**What you need to do**
Copy exactly, and only, the lines between the start of the entries below and the line containing "表1 杭州市2019-202", both inclusive. Omit pictures.

Exercise inputs: Begin

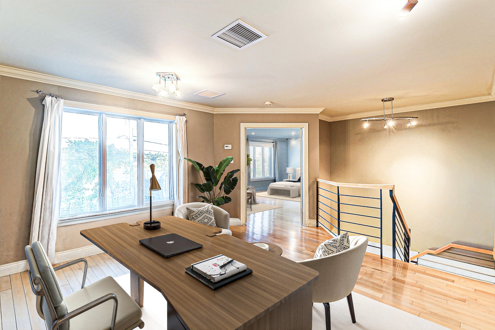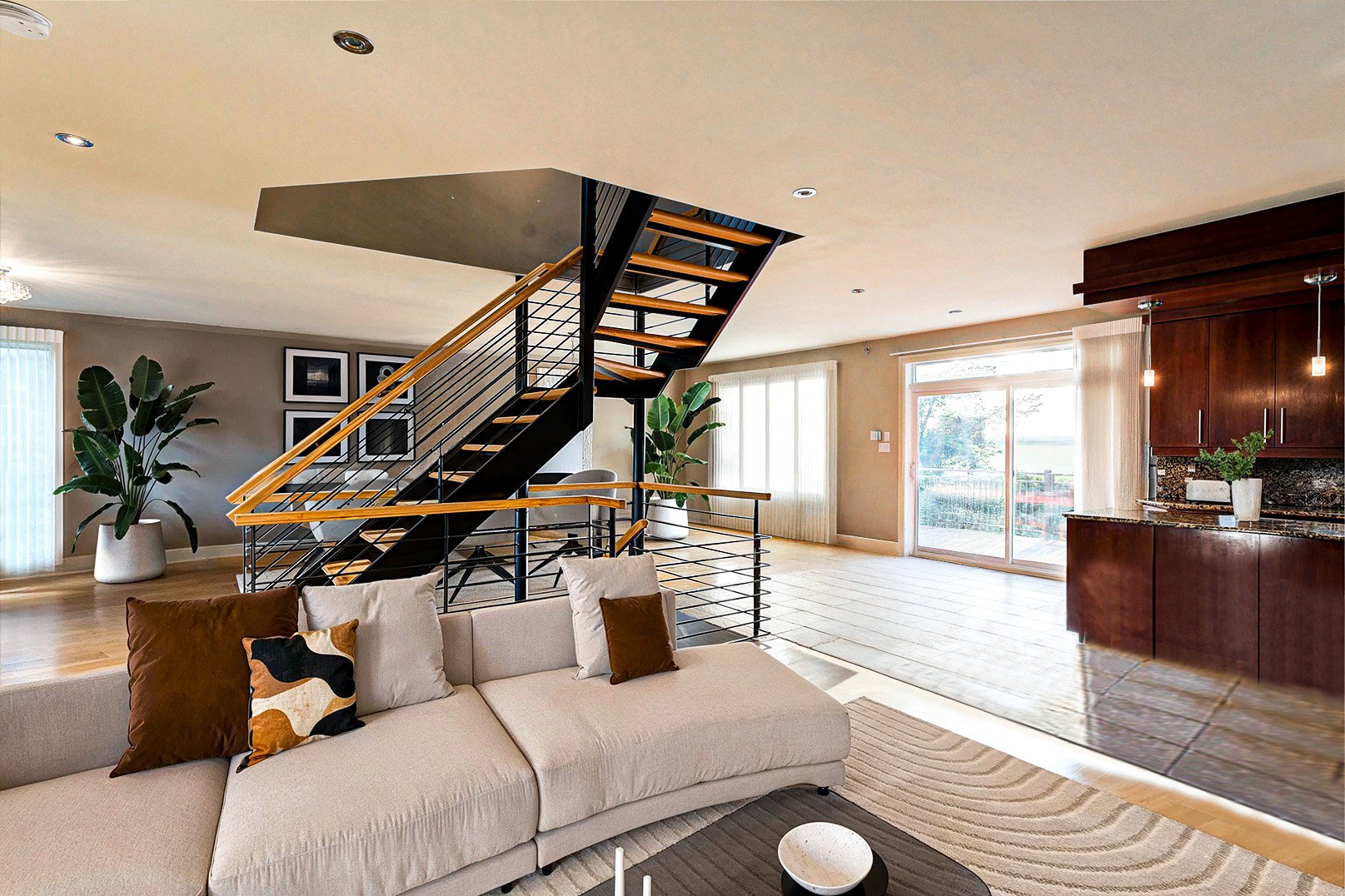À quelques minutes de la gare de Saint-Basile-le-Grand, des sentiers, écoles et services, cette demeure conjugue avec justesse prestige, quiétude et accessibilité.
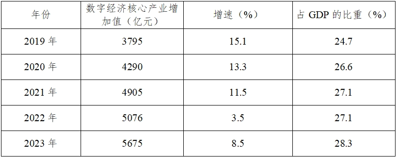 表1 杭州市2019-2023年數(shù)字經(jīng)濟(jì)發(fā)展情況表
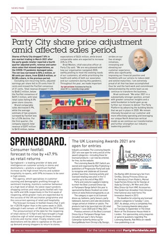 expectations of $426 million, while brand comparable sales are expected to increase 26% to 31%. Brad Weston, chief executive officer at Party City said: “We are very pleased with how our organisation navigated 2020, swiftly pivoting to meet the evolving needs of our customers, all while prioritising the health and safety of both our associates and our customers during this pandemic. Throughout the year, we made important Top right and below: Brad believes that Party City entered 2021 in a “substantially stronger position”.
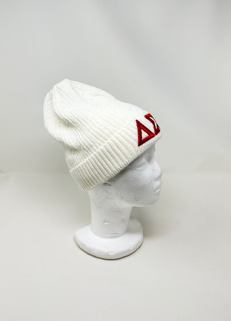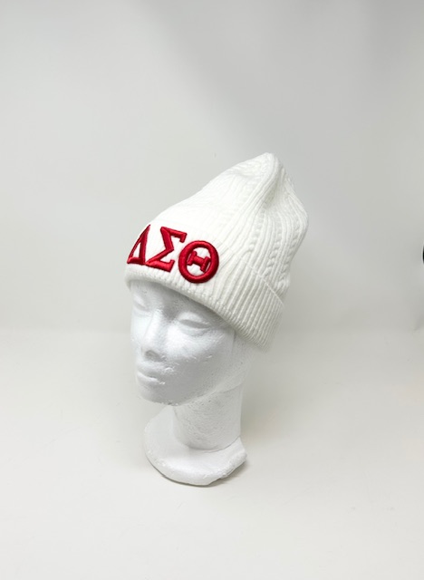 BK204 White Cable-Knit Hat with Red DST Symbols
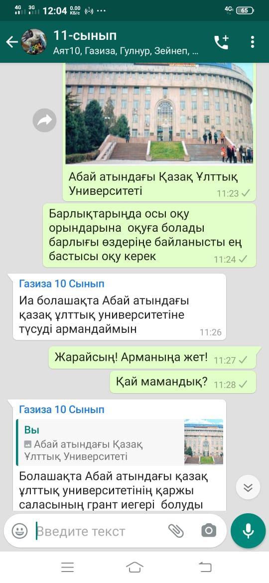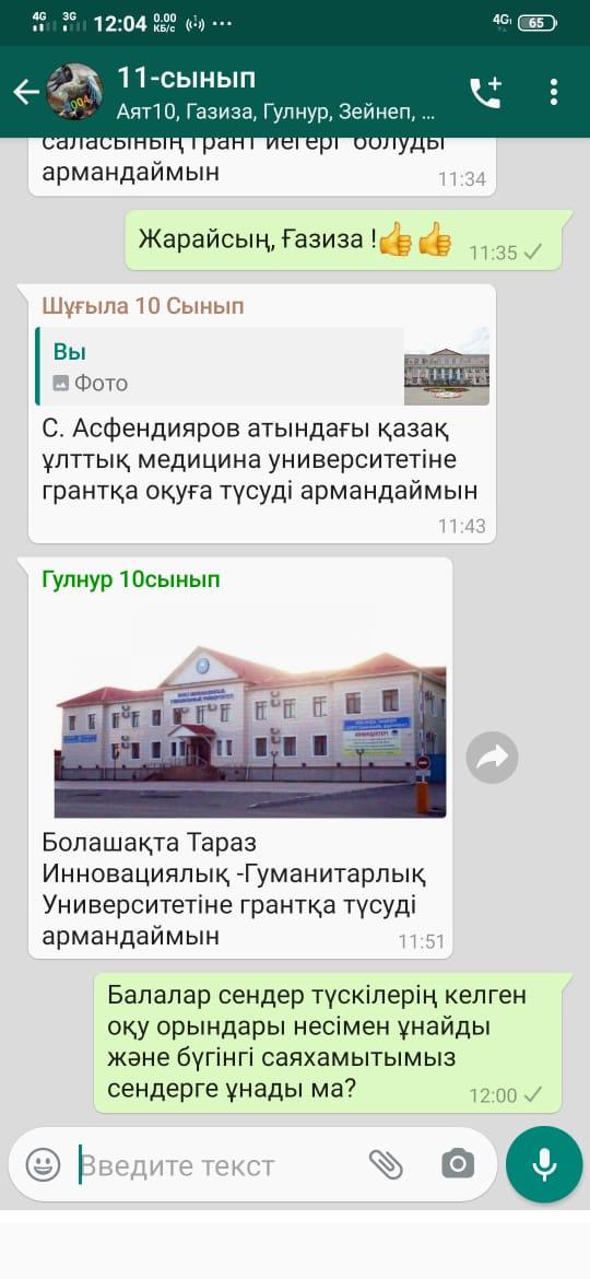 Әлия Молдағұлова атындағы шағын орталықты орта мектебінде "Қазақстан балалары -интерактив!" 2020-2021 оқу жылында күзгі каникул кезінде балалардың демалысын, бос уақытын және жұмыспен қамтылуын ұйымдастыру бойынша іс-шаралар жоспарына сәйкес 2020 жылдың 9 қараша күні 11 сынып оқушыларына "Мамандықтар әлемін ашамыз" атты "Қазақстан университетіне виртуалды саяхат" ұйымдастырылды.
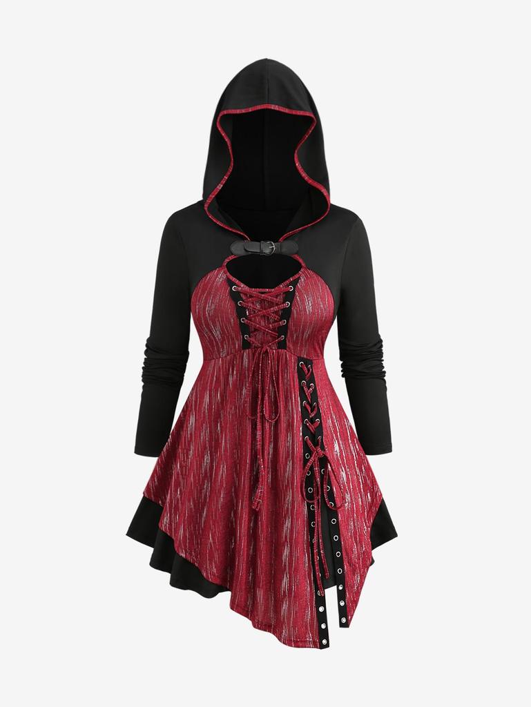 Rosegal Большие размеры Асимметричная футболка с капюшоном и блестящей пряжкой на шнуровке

Exercise inputs: End

**Result for this exercise**
À quelques minutes de la gare de Saint-Basile-le-Grand, des sentiers, écoles et services, cette demeure conjugue avec justesse prestige, quiétude et accessibilité.
 表1 杭州市2019-2023年數(shù)字經(jīng)濟(jì)發(fā)展情況表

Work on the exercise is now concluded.